Making them meaningful goes a long way in making them memorable, but there is more we can do. Use words or phrases that capture the essence of the value instead of the specific value itself. Instead of Courtesy how about Kindness to a Fault? Which one gives a stronger reaction? Or, more importantly, a stronger impression.

Another way to make your values memorable is to make them active instead of passive. For instance, a passive value might be Positivity. That same value could be presented as Always See the Good, an active value gives people context and direction.

Minimal

Do you want to make your values completely ineffective? Follow what many companies do and create a list of 8 to 10 sentences that no one could possibly remember.

Remember that great core values need to be accessible when it matters. No one should have to look them up, much less read a chapter to remind themselves. That’s why great core values need to be short, sweet, and to the point.

There are two ways you keep your values minimal. One is to make sure that each value is not too long in and of itself. I recommend 1 to 4 words in most cases. They can be longer if the phrase is truly memorable, but I would err on the side of brevity if I were unsure.

Another way your core values should be minimal is in the list itself.

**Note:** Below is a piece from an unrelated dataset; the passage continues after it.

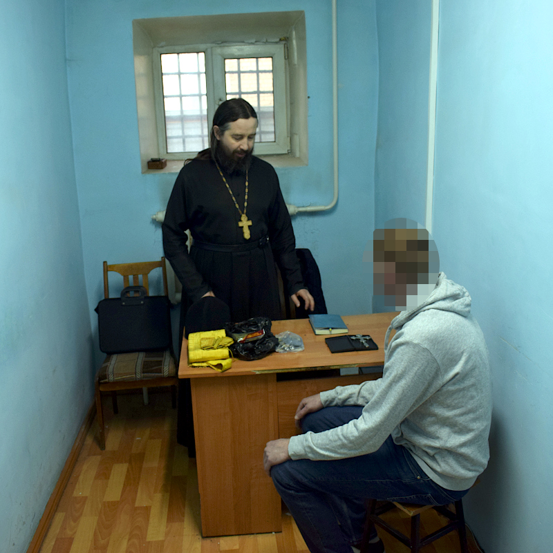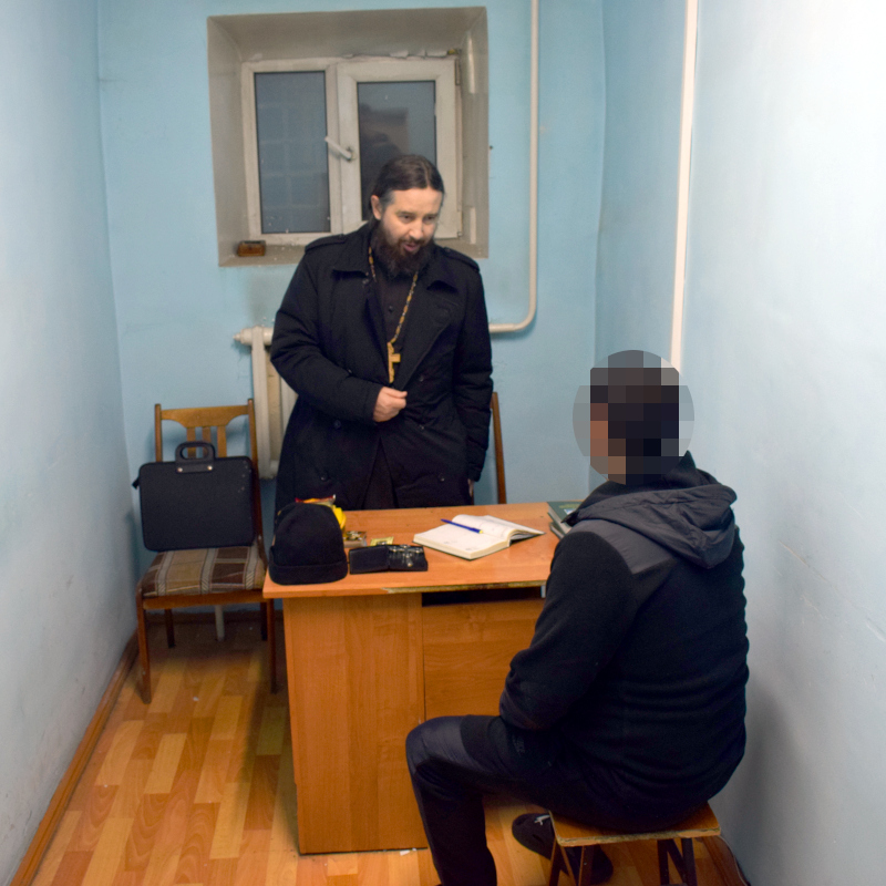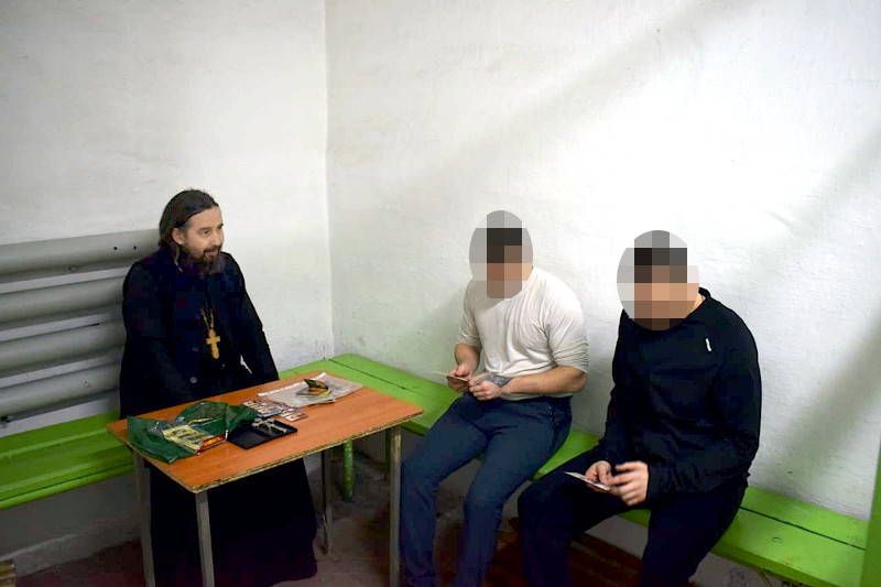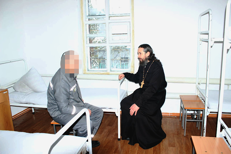 По завершении поучения священник совершил Таинство исповеди, провел индивидуальные и общие встречи с осужденными. Для личного пользования заключенным были переданы: нательные крестики и ладанки, карманные иконки, пояса с молитвой «Живый в помощи Вышняго», четки для совершения молитвы, освященный елей, различные благовония, свечи и святая вода.

Having a dozen core values isn’t doing anyone any favors. Remember the adage, if everything is important, then nothing is important. If you have 20 core values then you have no core values.

In most cases I recommend a list of 3 to 5. That feels like the right number on both memorability and meaningfulness. If the list is shorter it might be that you don’t have enough clarity on what behaviors drive your business. If it’s much longer you run the risk of obscurity.

Methodical

This is one area that I see even less among most companies, even if they follow the other four Ms. What I mean by methodical is that they aren’t just presented in an unordered list without any content of priority. They are presented, as much as possible, in order of importance.

There will come a day when you or your team is presented with a challenge that causes one or more of your values to be at odds. If your values are your guardrails, what decision will they make then? By placing them in some sort of priority order, you are telling everyone that when two values collide, this is how we respond.

Another part of being methodical is how, where, and when you present your values. Your core values aren’t going to be intrinsically known by all. Everyone needs to be presented and then reminded of them from time to time. How you approach that will depend on your own company culture, but be assured, if you never mention them, your team will forget them.

Our Core Values at Ciircles

At the beginning of this article, I promised that I would share our own core values with you. As much as possible, we have tried to follow the rules we laid out above.

What follows are our 4 core values and a brief description of each one. They drive the work that we do and how we interact with one another. We don’t live them 100% of the time without error, but I believe we live them more often than we don’t. When we do fail at any one of these, we usually feel it and hold ourselves accountable to them.

People First

We are not a product company; we are a people company. People serving people. People over profits. Choose others over self.

Partners, Customers, Stakeholders, in that order.

Be a Cheerleader

We ought to be a force of positivity to the world. Assume the best, and be people’s biggest fan. Celebrate wins, and give grace in defeat. Be an encourager, highlight the good. Be generous and show gratitude.

Embrace Fun

More than jokes, memes, and fun video chats. It’s is a conscious effort to not just engage in silly conversations, but harvest joy and fulfillment out of your work.

Make it Better

Always strive to improve, take risks, fail forward, and leave things better than you found them. Best is the enemy of Better.


The last thing you want is for your company to be rudderless. If you haven’t already, or it’s time to review your current core values, take the time to make them meaningful, memorable, minimalist, and methodical. And certainly, make sure they are actually being manifested in your business today.